According to the officials, the rejection of normalization with Israel is enshrined in Kuwait's constitution, which was signed into law in 1962.

Major political parties in Kuwait have strongly denounced the agreement, terming it as an “act of treason” and “a crime against the Palestinian cause, its nation as well as Arab and Muslim peoples.”

The parties said in a joint statement that the pact comes at the time when “the Zionist regime persists in its criminal practices against the Palestinian nation, either through direct or indirect acts of aggression, arrests and humiliates Palestinians, steals their lands, desecrates the al-Aqsa Mosque, and constructs settlements and displaces local residents amid utter silence of Arabs except for a number of muffled voices.”

The Kuwaiti parties also called the agreement “unjustified and useless to the Emirati nation besides Arab and Muslim peoples.”

In Turkey, the ruling Justice and Development Party (AKP) criticized the deal as "political suicide". 

“Putting ‘normalization’ on the agenda without considering Israel's aggression in Eastern al-Quds and the occupied West Bank and mentioning the Palestine state with East al-Quds as its capital means accepting Israeli aggression,” party spokesman Omer Celik tweeted. 

Celik said the UAE move should be viewed along with its policies in Yemen and Libya, emphasizing that Abu Dhabi is sowing the seeds of hatred within communities in the Middle East.

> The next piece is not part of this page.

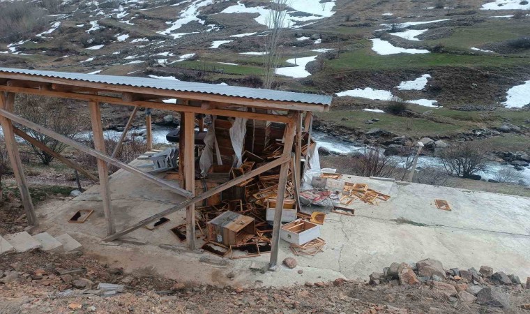 Erzurum’un İspir ilçesinde aç kalan boz ayılar arıcılara ait depoyu dağıttı.
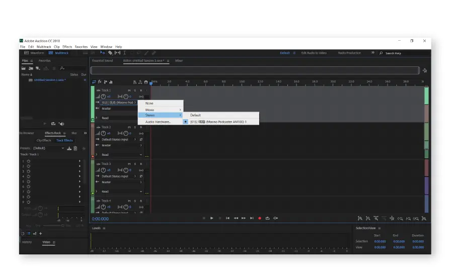 STEP 7: Click on Default stereo input at any track and choose Maono Podcaster AM100 as track input.

President Tayyip Erdogan said on Friday Turkey was considering suspending diplomatic ties with the United Arab Emirates and withdrawing its ambassador. 

But many observers viewed the threat as another instance of Ankara's typical grandstanding. They believe Turkey's harsh rhetoric has more to do with its dispute with the UAE over Qatar, the Muslim Brotherhood and other issues than with Palestine.

Despite periodic hiccups in relations, Turkey and Israel have traditionally been close allies so much so that the Israeli air force used to train in Turkish air space until recently. 

Former Turkish defense minister Vecdi Gonul said in 2010 that Turkey and Israel would remain allies as long as their interests align. In fact, there are many areas where their interests converge, including on both sides' push to topple the Syrian government. 

PLO: Arab League chief should condemn deal or resign

Meanwhile, Secretary General of the Executive Committee of the Palestine Liberation Organization (PLO) Saeb Erekat called for Arab League chief Ahmed Aboul Gheit to either denounce the UAE-Israel normalization deal or step down.

“If he is not able to issue a statement condemning the UAE-Israeli normalization pact, he should resign then,” Arabic-language Quds Press International News Agency quoted Erekat as saying.

The senior Palestinian official underlined that Palestinians can decide the fate of their own homeland, saying the normalization agreement was a “stab in the back of Palestinians.”

Erekat went on to say that Abu Dhabi broke off its relations with Palestine back in 2014, adding he was not “surprised with its deal with the Israeli regime.”

The veteran Palestinian negotiator denounced the UAE's agreement as “accession to the Zionist scheme.”

“If you are a sovereign state, you should clarify your interest in the normalization deal with Israel,” Erekat challenged the UAE.